Financial technology is simply the latest innovation and technology that aim to replace traditional financial processes in the provision of financial solutions. It is also an emerging field that makes use of new technology to enhance financial activities in finance. Fintech are those companies, which have created new financial instruments, or used innovative finance tools to provide financial solutions. In simple words, these companies help in providing financial solutions for clients through the use of new technology.
There are many benefits of using fintech or advanced financial services, which are not available with traditional banks. For instance, fintech have invented novel software and technologies, which can be used to provide complete financial services like settlement, insurance, investing, and planning of wealth. Apart from this, these innovations help clients manage their financial resources in a much better way. Moreover, using such tools can help one to save costs and time, as they can access all information regarding various financial transactions without any difficulty.
Many people often raise doubts regarding the safety and privacy of personal information that is provided by banks.

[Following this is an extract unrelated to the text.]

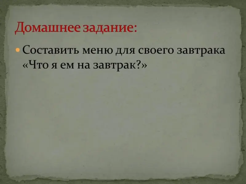 6. Домашнее задание: составить меню для своего завтрака "Что я ем на завтрак?" (для более сильных учащихся) (слайд 14)

According to experts, traditional banks use proprietary databases to capture consumer’s financial data. However, with fintech, one can access such information directly from the internet or mobile devices. Moreover, due to technological advancements, the security of such information is greatly enhanced. Due to intense competition among the financial services sector, fintech can offer money lending solutions, as it can make borrowing very easy.
However, it is important to state that there are some differences between traditional and fintech solutions. For instance, fintech often provides solutions for a smaller market segment and offers lower interest rates and loan schemes. On the other hand, traditional banking has fixed rate structure, where it only depends on the rate offered by the central bank. Moreover, traditional banking also requires consumers to deposit a certain amount of money as assets.

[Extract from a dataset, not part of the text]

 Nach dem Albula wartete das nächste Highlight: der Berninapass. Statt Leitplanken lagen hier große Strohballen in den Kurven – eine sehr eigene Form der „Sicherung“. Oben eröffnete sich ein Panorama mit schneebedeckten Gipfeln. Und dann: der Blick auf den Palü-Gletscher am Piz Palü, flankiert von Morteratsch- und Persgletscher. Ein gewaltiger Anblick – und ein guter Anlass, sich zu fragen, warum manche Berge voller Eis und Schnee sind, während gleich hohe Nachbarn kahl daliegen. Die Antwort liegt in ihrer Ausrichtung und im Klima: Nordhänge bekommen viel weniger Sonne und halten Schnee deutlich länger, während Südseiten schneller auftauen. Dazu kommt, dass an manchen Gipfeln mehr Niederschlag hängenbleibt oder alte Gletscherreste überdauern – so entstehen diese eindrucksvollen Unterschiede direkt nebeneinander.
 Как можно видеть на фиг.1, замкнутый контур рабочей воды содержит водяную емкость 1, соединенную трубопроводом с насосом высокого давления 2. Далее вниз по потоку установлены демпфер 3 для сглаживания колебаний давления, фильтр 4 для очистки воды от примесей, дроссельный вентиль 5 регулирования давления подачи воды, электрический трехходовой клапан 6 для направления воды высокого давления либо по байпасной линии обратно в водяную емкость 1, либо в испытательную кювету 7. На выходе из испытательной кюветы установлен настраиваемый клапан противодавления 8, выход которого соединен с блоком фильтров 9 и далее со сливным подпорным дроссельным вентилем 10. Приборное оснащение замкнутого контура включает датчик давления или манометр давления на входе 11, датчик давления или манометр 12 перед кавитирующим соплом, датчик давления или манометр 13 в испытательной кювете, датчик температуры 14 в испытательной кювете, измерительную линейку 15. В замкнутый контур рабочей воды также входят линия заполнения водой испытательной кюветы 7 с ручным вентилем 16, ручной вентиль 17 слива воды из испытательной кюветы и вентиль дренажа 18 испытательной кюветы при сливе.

A major advantage of fintech is that it can offer a variety of payment options to its consumers. This is different from traditional banking, where consumers were required to have a certain level of credit score in order to be eligible for a particular financial product. Today, due to fierce competition among banks and financial institutions, a credit score is no longer a prerequisite. Hence, consumers can apply for loans and credit cards even when they have a bad credit history. Also, while traditional banking requires consumers to keep a large sum of cash on hand, this is not the case with the modern financial products. In fact, many modern products allow consumers to withdraw money from their online accounts even if they do not possess a debit card.

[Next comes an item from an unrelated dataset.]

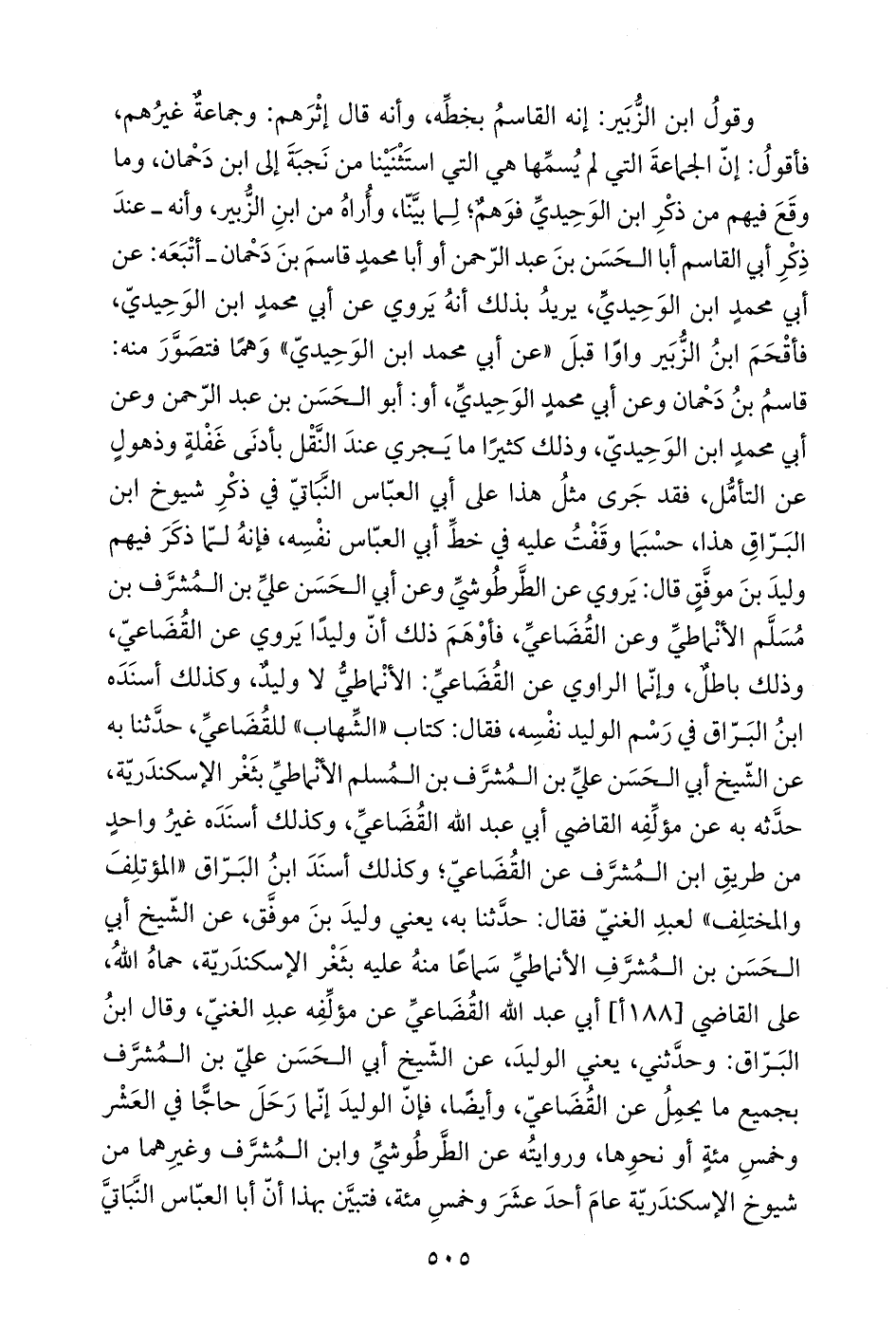 وقولُ ابن الزُّبَير: إنه القاسمُ بخطِّه، وأنه قال إثْرَهم: وجماعةٌ غيرُهم، فأقولُ: إنّ الجماعةَ التي لم يُسمِّها هي التي استَثْنَيْنا من نَجبَةَ إلى ابن دَحْمان، وما وقَعَ فيهم من ذكْرِ ابن الوَحِيديِّ فوَهمٌ؛ لِما بيَّنّا، وأُراهُ من ابنِ الزُّبير، وأنه -عندَ ذِكْرِ أبي القاسم أبا الحَسَن بنَ عبد الرّحمن أو أبا محمدٍ قاسمَ بنَ دَحْمان- أتْبَعَه: عن أبي محمدٍ ابن الوَحِيديِّ، يريدُ بذلك أنهُ يَروي عن أبي محمدٍ ابن الوَحِيديّ، فأقْحَمَ ابنُ الزُّبَير واوًا قبلَ "عن أبي محمد ابن الوَحِيديّ" وَهمًا فتصوَّرَ منه: قاسمُ بنُ دَحْمان وعن أبي محمدٍ الوَحِيديِّ، أو: أبو الحَسَن بن عبد الرّحمن وعن أبي محمدٍ ابن الوَحِيديِّ، وذلك كثيرًا ما يَجري عندَ النَّقْل بأدنَى غَفْلةٍ وذهولٍ عن التأمُّل، فقد جَرى مثلُ هذا على أبي العبّاس النَّباتيّ في ذكْرِ شيوخ ابن البَرّاقِ هذا، حسْبَما وقَفْتُ عليه في خطِّ أبي العبّاس نفْسِه، فإنهُ لمّا ذكَرَ فيهم وليدَ بنَ موفَّقٍ قال: يَروي عن الطَّرطُوشيِّ وعن أبي الحَسَن عليِّ بن المُشرَّف بن مُسَلَّم الأنْماطيِّ وعن القُضَاعيِّ، فأوْهَمَ ذلك أنّ وليدًا يَروي عن القُضَاعيّ، وذلك باطلٌ، وإنّما الراوي عن القُضَاعيِّ: الأنْماطيُّ لا وليدٌ، وكذلك أسنَدَه ابنُ البَرّاق في رَسْم الوليد نفْسِه، فقال: كتاب "الشِّهاب" للقُضَاعيِّ، حدَّثنا به عن الشّيخ أبي الحَسَن عليِّ بن المُشرَّف بن المُسلم الأنْماطيِّ بثَغْر الإسكندَريّة، حدَّثه به عن مؤلِّفِه القاضي أبي عبد الله القُضَاعيِّ، وكذلك أسنَدَه غيرُ واحدٍ من طريقِ ابن المُشرَّف عن القُضَاعيّ؛ وكذلك أسنَدَ ابنُ البَرّاق "المؤتلِفَ والمختلِف" لعبدِ الغنيّ فقال: حدَّثنا به، يعني وليدَ بنَ موفَّق، عن الشّيخ أبي الحَسَن بن المُشرَّفِ الأنماطيِّ سَماعًا منهُ عليه بثَغْر الإسكندَريّة، حماهُ اللهُ، على القاضي أبي عبد الله القُضَاعيِّ عن مؤلِّفِه عبدِ الغنيّ، وقال ابنُ البَرّاق: وحدَّثني، يعني الوليدَ، عن الشّيخ أبي الحَسَن عليّ بن المُشرَّف بجميع ما يحمِلُ عن القُضَاعيّ، وأيضًا، فإنّ الوليدَ إنّما رَحَلَ حاجًّا في العَشْر وخمسِ مئةٍ أو نحوِها، وروايتُه عن الطَّرطُوشيِّ وابن المُشرَّف وغيرِهما من شيوخ الإسكندَريّة عامَ أحدَ عشَرَ وخمسِ مئة، فتبيَّن بهذا أنّ أبا العبّاس النَّبَاتيَّ

Another significant advantage of fintech is that it eliminates a number of middlemen involved in the financial process. Consumers gain access to more financial products, which helps them cut down on their costs and expenses. Furthermore, financial institutions that cater to customers with poor financial histories gain an important ally in their battle to help consumers recover from financial adversity. Since a number of financial institutions are now providing customers with services that were previously offered only to financial giants, the chances of consumers suffering financial setbacks because of unfavorable financial policies have significantly decreased.